The practice of revenue sharing creates a potential conflict of interest on the part of the institutions of higher education.  When and if the institutions direct students to lenders, they should do so based solely on the best interests of the student and parents who may take out loans from the lenders; yet, the institutions have a financial interest in the selection of the lenders by the student and parents.

iii. Denial of Choice of Lender: Some institutions of higher education have neglected to make clear that borrowers have a right to select the Stafford Loan and PLUS Loan lender of their choice, irrespective of whether the lender appears on any preferred lender lists.  In the most egregious cases, institutions have gone so far as to abrogate this right, by stating or strongly implying that the student and parents were limited to the lenders on the list, or even to a single lender.

iv.Exclusive Consolidation Loan Marketing Agreements:        Former students may wish to combine their various education loans into a single package, called a “consolidation loan.”  Some institutions of higher education have entered into agreements with the providers of such consolidation loans pursuant to which the institution agrees to encourage its former students to consolidate the former students’ loans with a particular lender and no other.  In exchange, the institution secures revenue sharing or other benefits that inure directly or indirectly to the institution rather than the borrower. Once again, the institution is in a conflicted position because its advice and encouragement may be influenced by its financial self-interest.

v. Undisclosed Sales of Loans to Another Lender: In many instances, institutions of higher education place several lenders on the institutions’ lists of preferred lenders causing the potential borrower to think that the lender list represents a real choice of options. But, the choice is illusory when, as sometimes occurs, all or a number of the lenders on a lender list have arranged with each other to sell any loans to one of the lenders immediately after one of the other complicit lenders disburses a loan.

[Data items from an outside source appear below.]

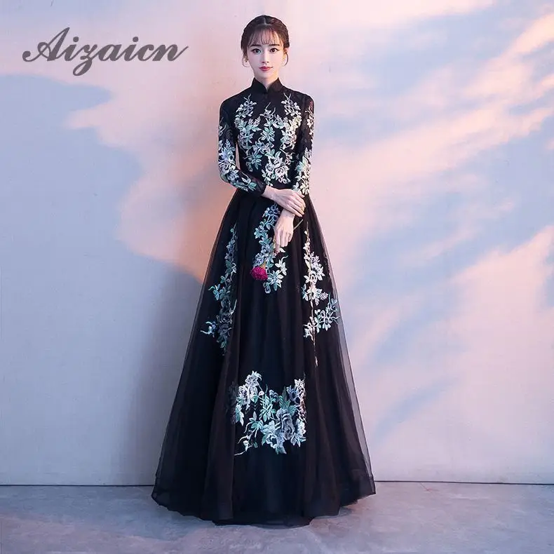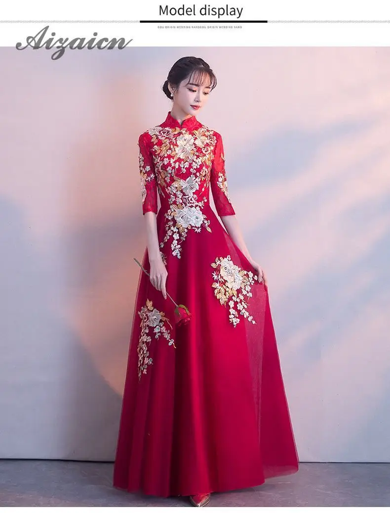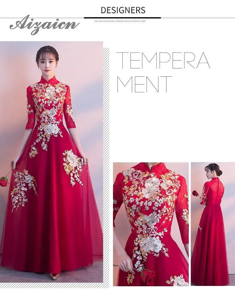 2017 дизайнерские красные с высоким разрезом парчовые золотые вышитые Китайские
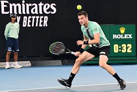 Теннисный турнир Australian Open - 2020. День четвертый. Испанский теннисист Педро Мартинес во время матча с российским теннисистом Даниилом Медведевым.
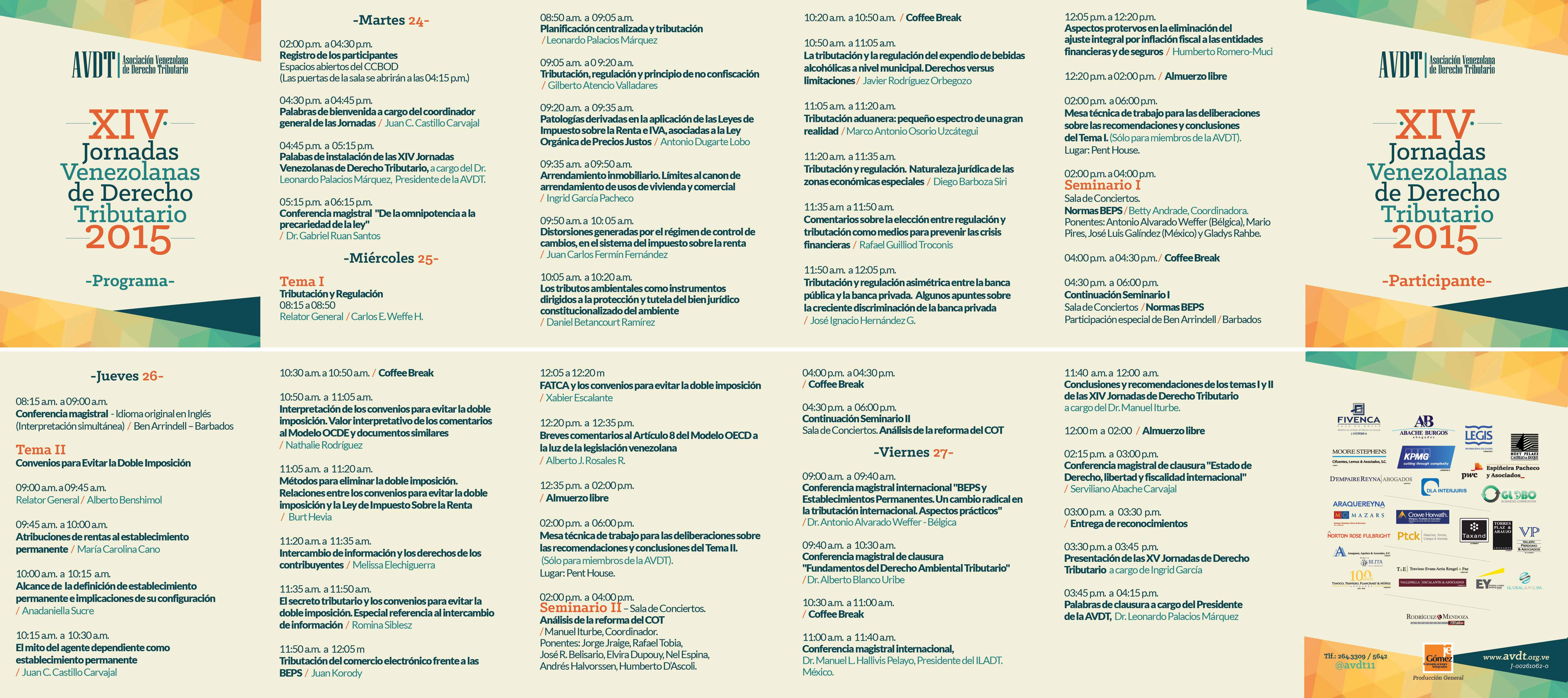 Las distorsiones a la imposición a la renta derivada del control de cambio y las patologías derivadas de la aplicación de las leyes de impuesto sobre la renta y del impuesto al valor agregado, asociadas a la Ley Orgánica de Precios Justos, son algunos de los temas a ser abordados esta semana en las XIV Jornadas Venezolanas de Derecho Tributario.
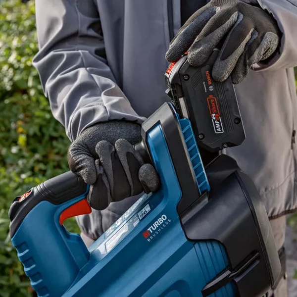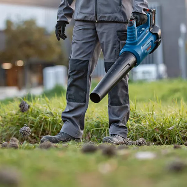El soplador de hojas a batería GBL 18V-750 Professional, con potente motor Brushless sin escobillas y ventilador axial, genera un caudal de 780 m³/h y una velocidad del aire de hasta 198 km/h. Además, cuenta con una batería ProCORE18V ≥ 5,5 Ah. Su regulador de velocidad te permite adaptar la gran potencia de la herramienta y ajustar así de forma óptima su autonomía y nivel de ruido. Con bajo nivel de ruido y sin emisiones, el soplador de hojas a batería es la herramienta perfecta para trabajar en zonas residenciales u otras zonas sensibles al ruido. Gracias a su diseño ergonómico y ligero, el soplador de hojas te permite trabajar durante largos periodos de tiempo.
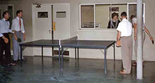 | Some Saturdays, the folks would drive to Los Angeles, to Paul Dunn’s office at USC. They’d spend the morning in Seminary management and curriculum meetings that we could sorta hear through those windows, while Brent and I enjoyed the ping-pong table and neighboring library stuff. Pappy snapped the dignitaries in their shirtsleeves, during a break. |
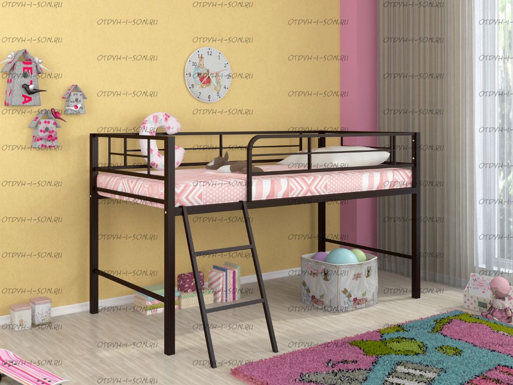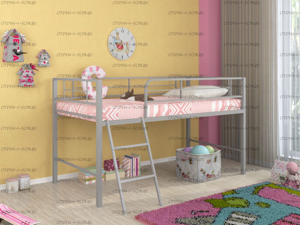 Кровать-чердак Севилья-мини Характеристики: Размер спального места: 90Х190 см. Внешние габариты (ДхШхВ): 1980х1260х1110 см. Материалы каркаса: металл Размер трубы каркаса: 40х40 мм. Вес: 53 кг. Максимальная нагрузка: 180 кг. Кровать поставляется в разобранном виде Цвета: более 5 цветов и сочетаний
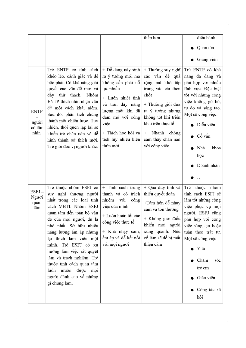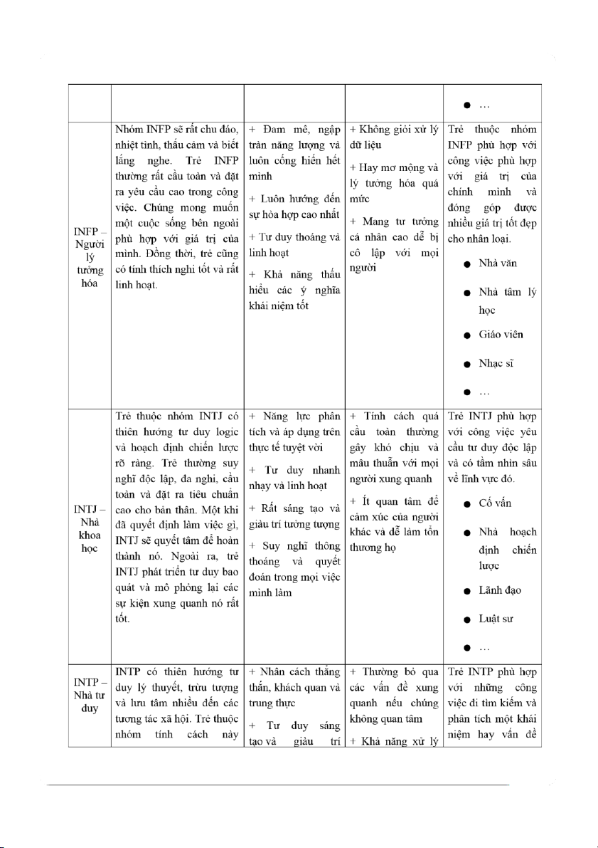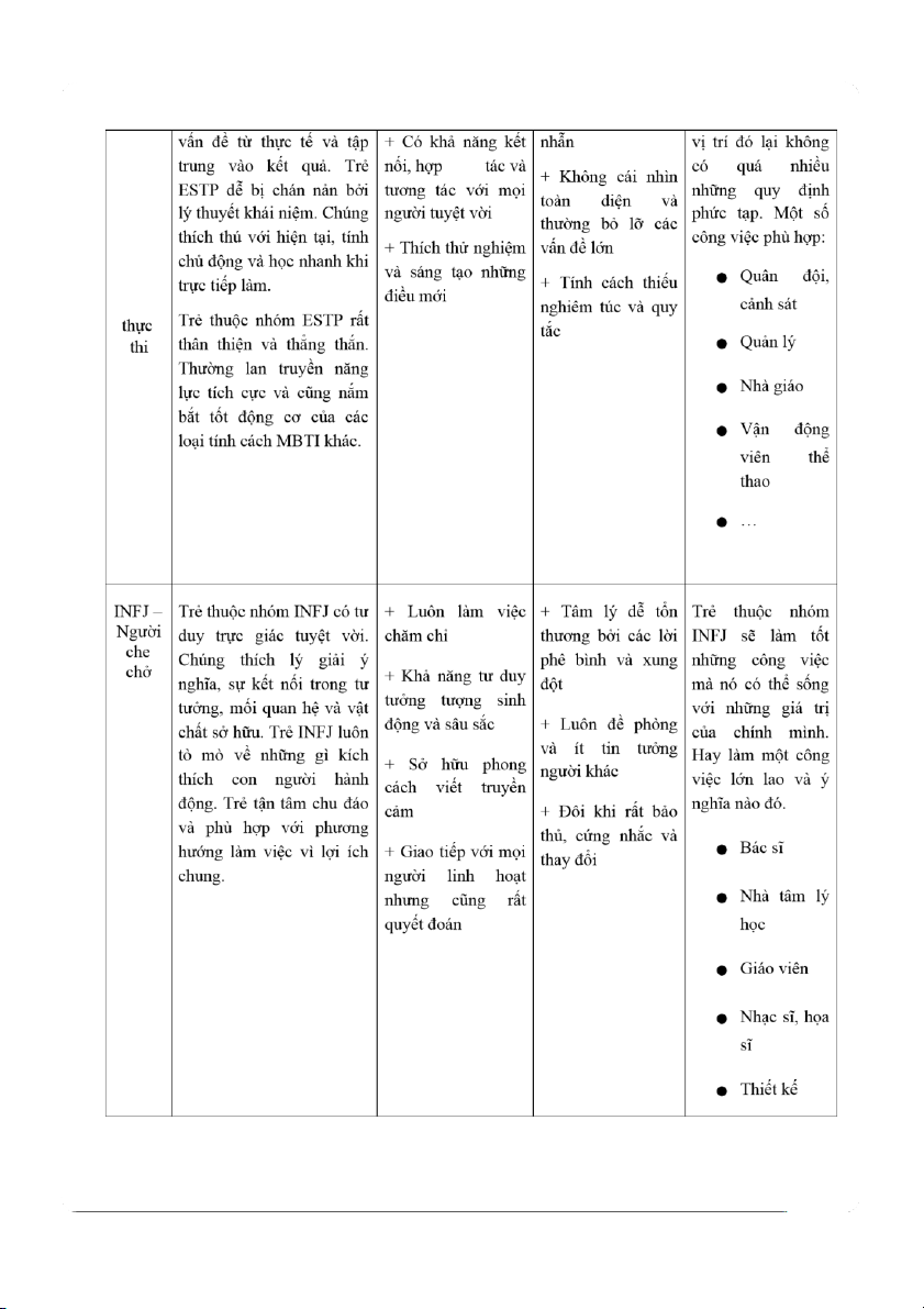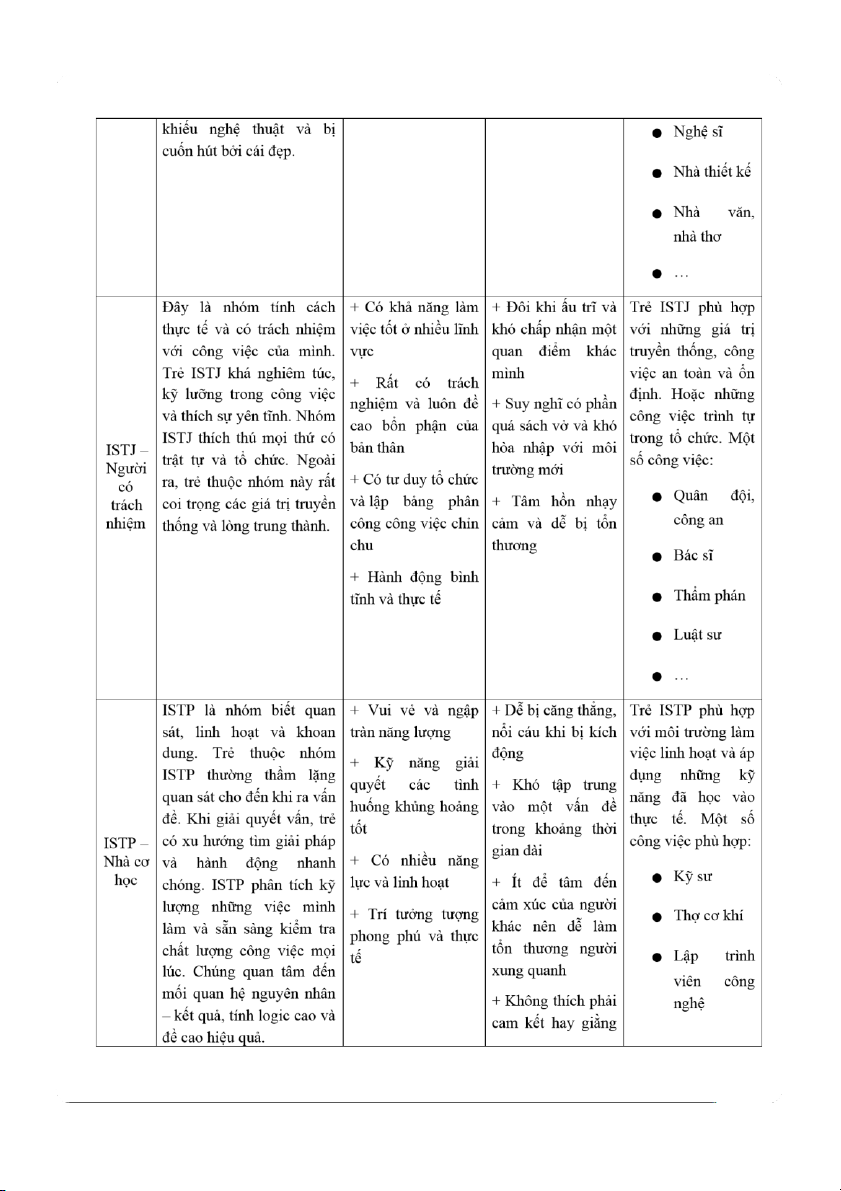 người khác. Đồng thời, thức khoa học và nhiều nghệ sinh nổi nhóm ISFP rất có năng nghiên cứu tiếng nhất. Trẻ ISFP lOMoAR cPSD| 61229936 lOMoAR cPSD| 61229936 buộc với điều gì Thợ mộc …

        vi. Opportunity Loans: Lenders have entered into undisclosed agreements with institutions of higher education to provide what are referred to as “Opportunity Loans.”  These agreements provide that the lender will make loans up to a specified aggregate amount to students with poor or no credit history, or international students, who the lender claims would otherwise not be eligible for the lender’s alternative loan program.  In exchange for the lender’s commitment to make such loans, the institution may provide concessions or promises to the lender that may prejudice other borrowers.